Guess when I allow my staff to go on vacation? When patient appointments are expected to drop. Guess which month I’m going to be scheduling the 5-year old school physicals I talked about the other day? During those months our appointments generally tend to be low.

Another practical example of understanding appointment demand can be to hire seasonal help. Retail stores, UPS and the Post Office do this all the time. Hiring seasonal may help with cash flow as well. No need to hire someone full-time if you really only need them for a short period of time.


We also track newborn counts. Tracking newborn counts helps me manage vaccines inventory and utilization. With the count, I’m able to plug these newborn numbers in my vaccine analysis and get a better picture of my vaccine utilization, forecasting or determining potential revenue.

For example, GlaxoSmithKline’s vaccine rebate program is based on tiers. In other words, the price of Pediarix (and others vac’s) depends on how many doses I buy within a certain period. Just like any other sales driven organization, GSK want to sell us more of their products and they often entice us by suggesting to buy more doses in order to qualify for the next tier, which gets me a better price on the vaccines.
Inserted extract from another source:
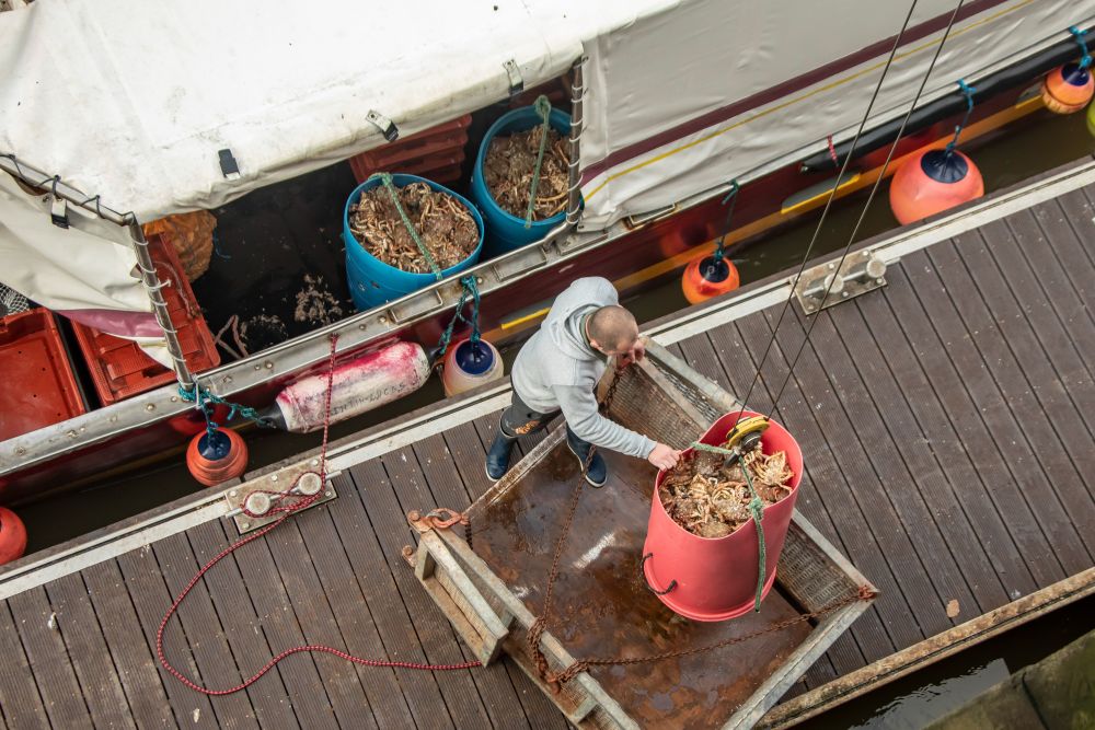 11月5日,在法国北部海滨城市滨海布洛涅,一位渔民从出海归来的渔船上卸货。英国“脱欧”后,围绕法国渔船在英国海域的捕鱼权问题,两国已争执数月。 (新华社发,塞巴斯蒂安·库尔吉摄)

But knowing exactly how many newborns we see helps me decide whether or not I ought to buy more of a certain vaccine. I can appreciate the discount, but I surely don’t want to buy 200 extra doses of something and then have the product sit in our refrigerator for several months. Not to mention having thousands of dollars tied up in a refrigerator doesn’t always help with cash flow. Now, if cash flow isn’t a problem and the discount is considerable, then I might go ahead. But I know I’ll have extra inventory for some time.

These are just a few examples, but I am sure you can come up with many more.  The challenge for me is to get myself out of a comfortable zone and find ways to improve the business. Reporting is one of the easiest way I’ve found to accomplish this.

I challenge you to look at data in a different way. You’d be amaze of what you’d learn.